▶ [Given records]
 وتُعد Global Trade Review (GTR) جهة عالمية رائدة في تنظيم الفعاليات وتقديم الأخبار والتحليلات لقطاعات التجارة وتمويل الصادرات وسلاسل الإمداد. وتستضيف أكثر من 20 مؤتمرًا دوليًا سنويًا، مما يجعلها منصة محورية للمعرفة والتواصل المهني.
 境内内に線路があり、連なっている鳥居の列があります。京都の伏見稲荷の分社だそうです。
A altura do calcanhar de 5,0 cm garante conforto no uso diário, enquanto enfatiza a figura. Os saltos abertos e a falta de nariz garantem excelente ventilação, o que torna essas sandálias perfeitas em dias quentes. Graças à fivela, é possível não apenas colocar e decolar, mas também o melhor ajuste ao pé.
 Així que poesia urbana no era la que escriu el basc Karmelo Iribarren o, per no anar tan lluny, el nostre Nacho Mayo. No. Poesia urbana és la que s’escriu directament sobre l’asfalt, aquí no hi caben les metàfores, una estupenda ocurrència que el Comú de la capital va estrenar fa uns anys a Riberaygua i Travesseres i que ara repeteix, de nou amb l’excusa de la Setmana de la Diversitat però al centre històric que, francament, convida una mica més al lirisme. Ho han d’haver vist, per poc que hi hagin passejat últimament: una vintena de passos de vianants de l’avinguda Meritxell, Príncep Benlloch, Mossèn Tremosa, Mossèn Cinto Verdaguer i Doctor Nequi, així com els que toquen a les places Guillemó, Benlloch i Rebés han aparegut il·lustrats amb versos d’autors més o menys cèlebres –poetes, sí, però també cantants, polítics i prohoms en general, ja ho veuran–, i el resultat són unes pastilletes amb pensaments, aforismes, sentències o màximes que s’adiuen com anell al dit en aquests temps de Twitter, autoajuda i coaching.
==
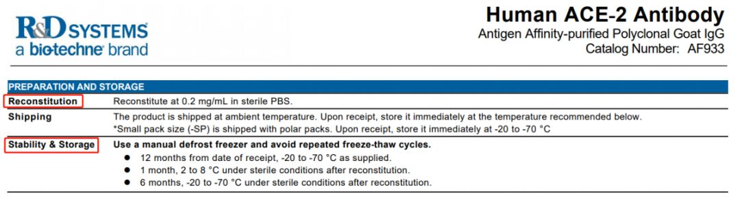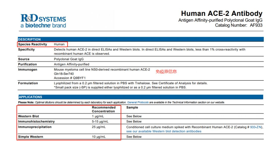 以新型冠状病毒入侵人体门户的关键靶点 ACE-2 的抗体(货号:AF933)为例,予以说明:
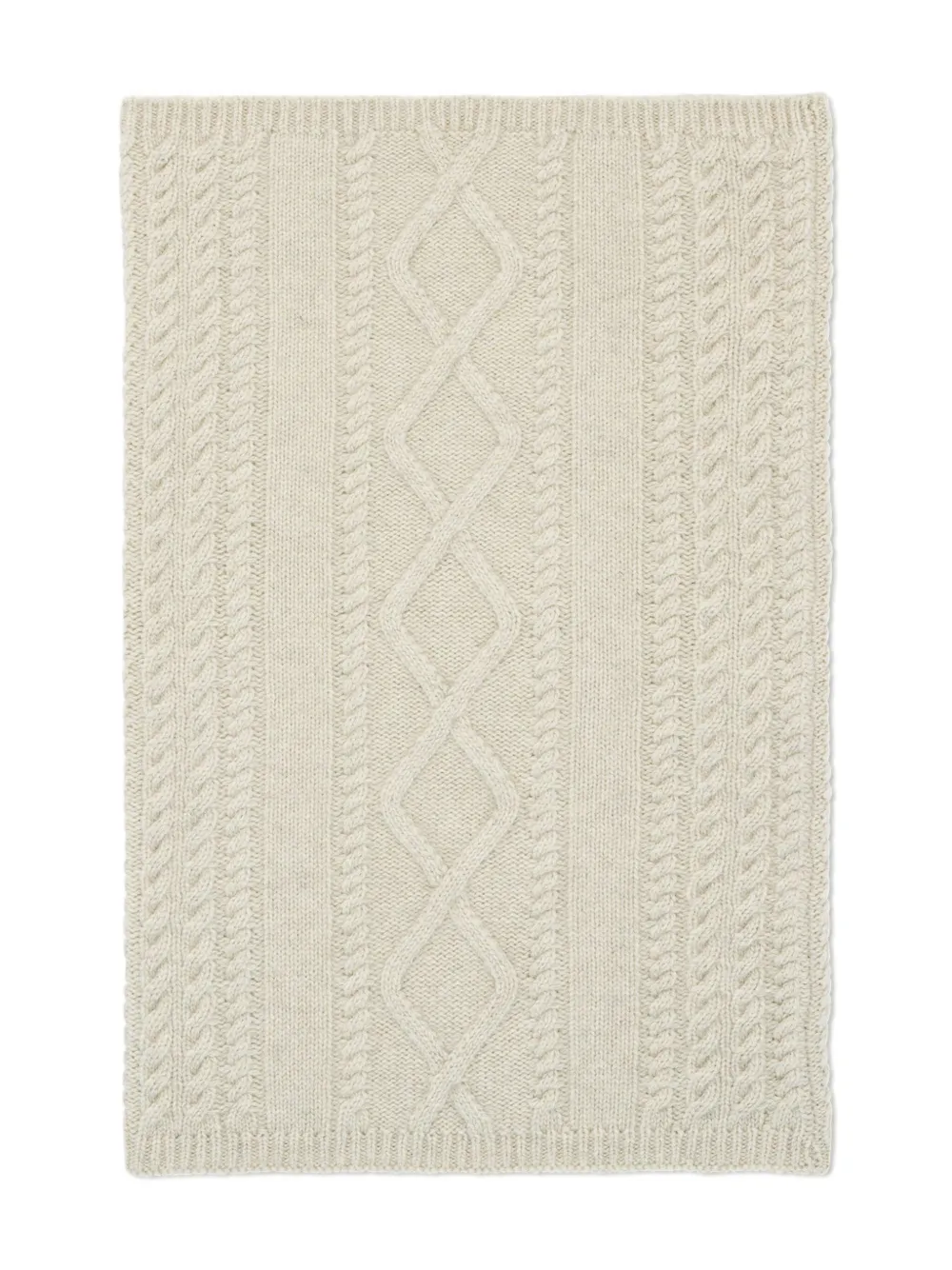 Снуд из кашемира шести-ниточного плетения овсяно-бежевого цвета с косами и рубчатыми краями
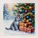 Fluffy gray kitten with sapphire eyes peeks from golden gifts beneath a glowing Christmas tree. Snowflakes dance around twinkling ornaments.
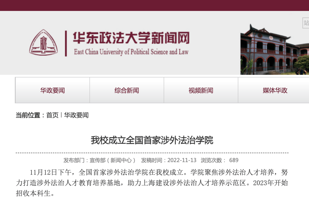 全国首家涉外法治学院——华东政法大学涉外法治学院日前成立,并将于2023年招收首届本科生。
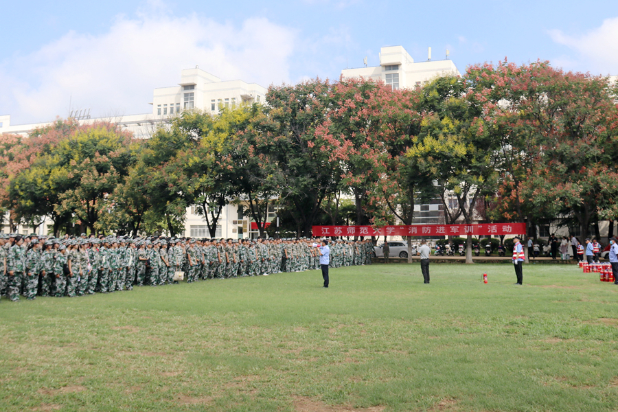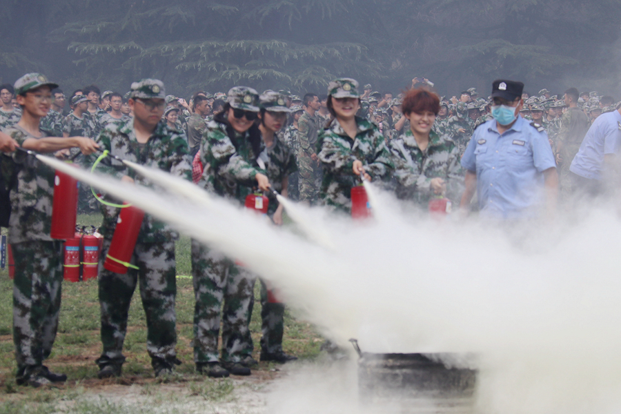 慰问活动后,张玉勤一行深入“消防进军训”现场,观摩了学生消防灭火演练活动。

▶ [Brief] Copy verbatim, from the listing above, each line from the one containing "وتُعد Global Trade" down to the one containing "A altura do", inclusive.

▶ [Output below]
 وتُعد Global Trade Review (GTR) جهة عالمية رائدة في تنظيم الفعاليات وتقديم الأخبار والتحليلات لقطاعات التجارة وتمويل الصادرات وسلاسل الإمداد. وتستضيف أكثر من 20 مؤتمرًا دوليًا سنويًا، مما يجعلها منصة محورية للمعرفة والتواصل المهني.
 境内内に線路があり、連なっている鳥居の列があります。京都の伏見稲荷の分社だそうです。
A altura do calcanhar de 5,0 cm garante conforto no uso diário, enquanto enfatiza a figura. Os saltos abertos e a falta de nariz garantem excelente ventilação, o que torna essas sandálias perfeitas em dias quentes. Graças à fivela, é possível não apenas colocar e decolar, mas também o melhor ajuste ao pé.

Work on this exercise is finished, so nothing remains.